The protein is called NGFR. CNIO researchers have discovered for the first time that blocking it reduces metastasis (in animals), and they are developing a possible drug that does just that.
Now they have discovered that NGFR has another side: without it, the body’s defense cells do not learn to recognize the enemy and, therefore, a good immune response is not generated.
The goal is to develop new NGFR-based therapies against both cancer and autoimmune diseases.
Three years ago, in 2021, the Microenvironment and Metastasis Group of the National Center for Cancer Research (CNIO) discovered what could be one of the first treatments for melanoma metastases in the early stages. Researchers led Hector Peinado
discovered one of the key molecules responsible for setting the stage in the part of the body where a tumor will proliferate, and in animal models they confirmed that blocking it reduces metastasis.The molecule in question is called NGFR. Over the years, they have tested the effectiveness of the compound to prevent its effects and that it is non-toxic. They are now preparing “a publication that will present the results of its use in combination with immunotherapy for the treatment of melanoma,” says Peinado.

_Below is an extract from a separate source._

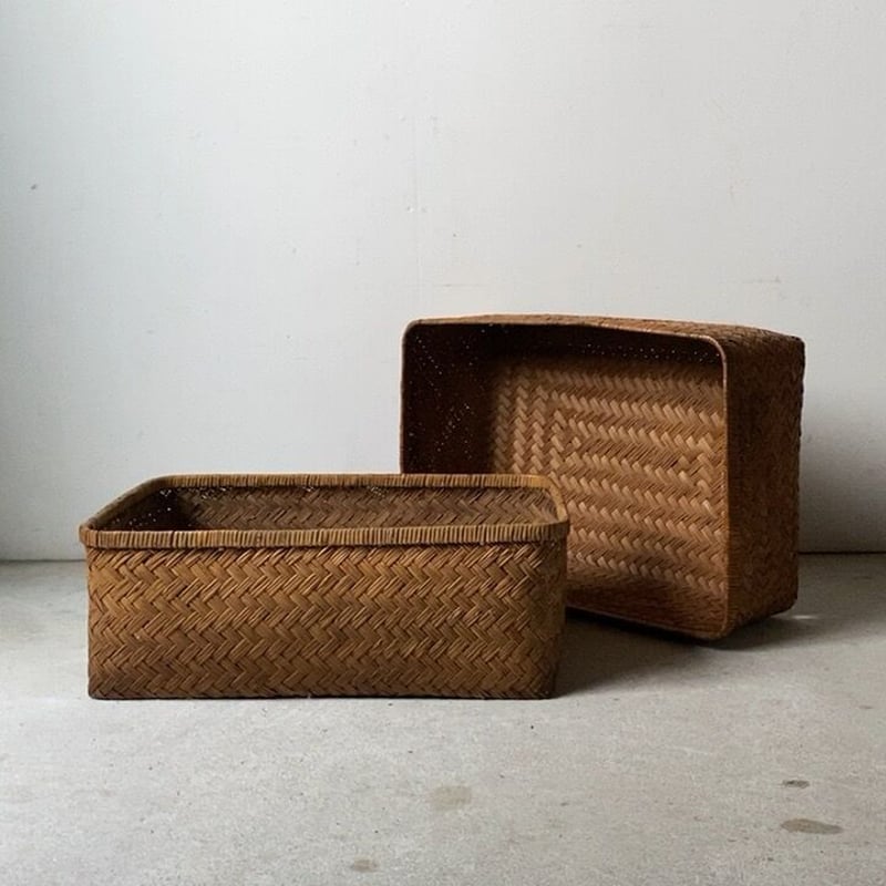 | 商品の特徴 | 行李(こうり)セット 網代編み かご収納 古道具 古民家 レトロ。行李(こうり)セット 網代編み かご収納 古道具 古民家 レトロ。行李(こうり)セット 網代編み かご収納 古道具 古民家 レトロ。行李の大小6個セットとなります。籐 バスケット カゴ ニューヨークで購入 フルーツバスケット ランチバスケット。木製家具バスケットかごかご収納竹編み竹細工民芸昭和レトロ昭和レトロ古道具古家具アンティークヴィンテージビンテージオールドアジアンエスニッククラシックテイスト···アジアン・エスニック・モロッコ風,アンティーク・クラシック,シンプル・ベーシック,ナチュラル,レトロ・ミッドセンチュリー,和モダン,和風主な素材···籐・ラタンテイスト···アンティーク・クラシック,和モダン,和風。古い竹編みの行李 63cm 竹行李 柳行李 スズ竹 網代編み ヴィンテージ。大きいものは使用感がありますが、小さいものは綺麗でまだまだご使用いただけます。◆サイズ(たるみもあるので、内かごの縁の部分で計測してます)① 横幅 約57cm 奥行 約36cm 高さ 約21.5cm② 横幅 約66.5cm 奥行 約39cm 高さ 約24cm③ 横幅 約21.5cm 奥行 約13.5cm 高さ 約6.5cm④⑤⑥ 横幅 約10cm 奥行 約7cm 高さ 約5.5cm ※多少の誤差はご容赦下さいませ◆発送についてご購入いただいた際には、5枚目の写真のように、1つの行李に全て入れて、プチプチにて丁寧に梱包して発送いたします。真竹の洗濯籠 中 井上湧 | ||

NGFR may also serve as a biomarker for early metastasis of melanoma, which will predict disease progression.
But while research progresses in this direction, the CNIO team also wanted to understand what the NGFR molecule does in a healthy body when there is no cancer. Thus, they have just discovered that NGFR is also key to the body’s development of an effective immune response and that it may be an important target for controlling autoimmune diseases.

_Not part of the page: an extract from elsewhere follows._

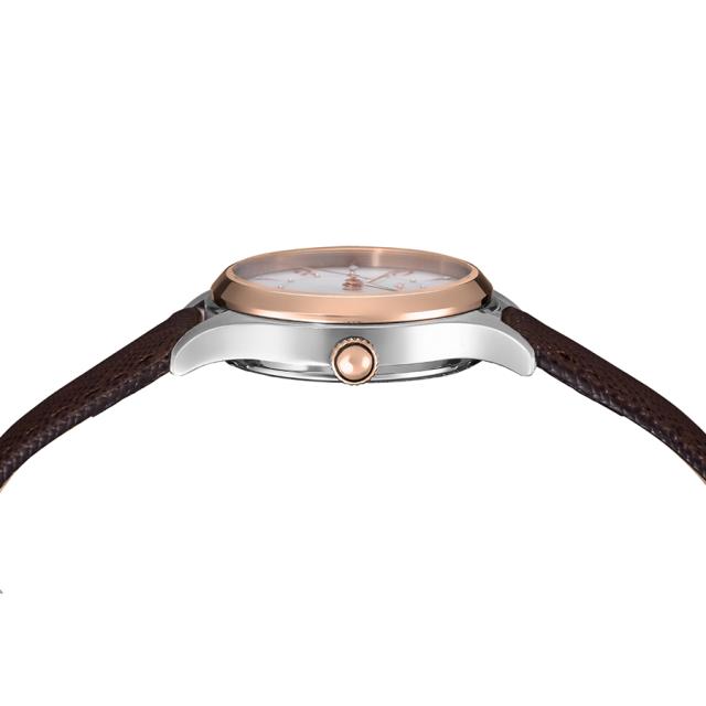 スタッズやクリスタルを採用した大小さまざまなインデックスによってシンプルかつ程よいおしゃれ感を演出します。また、高級感のある手元を演出するサフィアーノレザーを採用し、汚れや傷にも強く安心してご着用いただけるのもうれしいポイントです。

They just published it in a magazine Cell reportsin an article with Alberto Hernandez as first author.
Without NGFR, defense cells do not train well
“While we were developing anti-metastasis therapies, we noticed that blocking NGFR led to lymph node hypertrophy, and we decided to study this phenomenon,” Peinado explains.
Lymph nodes are an important part of the immune system, the main place where protective cells, lymphocytes (white blood cells), are exposed to molecules of infectious agents in order to learn to recognize them. Published research suggests that NGFR plays an important role in this process.
“B cells are like soldiers that trigger antibodies and help us defend against pathogens and infections. But to be effective, lymphocytes must be trained and selected in specific structures in the lymph nodes called germinal centers. When NGFR is absent, these structures are clearly abnormal and lymphocytes do not mature properly. As a result, instead of attacking pathogens, lymphocytes end up shooting at the body itself,” says Hernandez.
NGFR modulates the body’s defense response
CNIO researchers have created mice that lack NGFR. These animals develop defenses against the healthiest organism, which occurs in autoimmune diseases such as lupus and Crohn’s disease.
“This tells us that NGFR regulates the effectiveness of the immune response,” Peinado explains. “When NGFR is eliminated, the animal responds less effectively, which is why autoimmunity develops.”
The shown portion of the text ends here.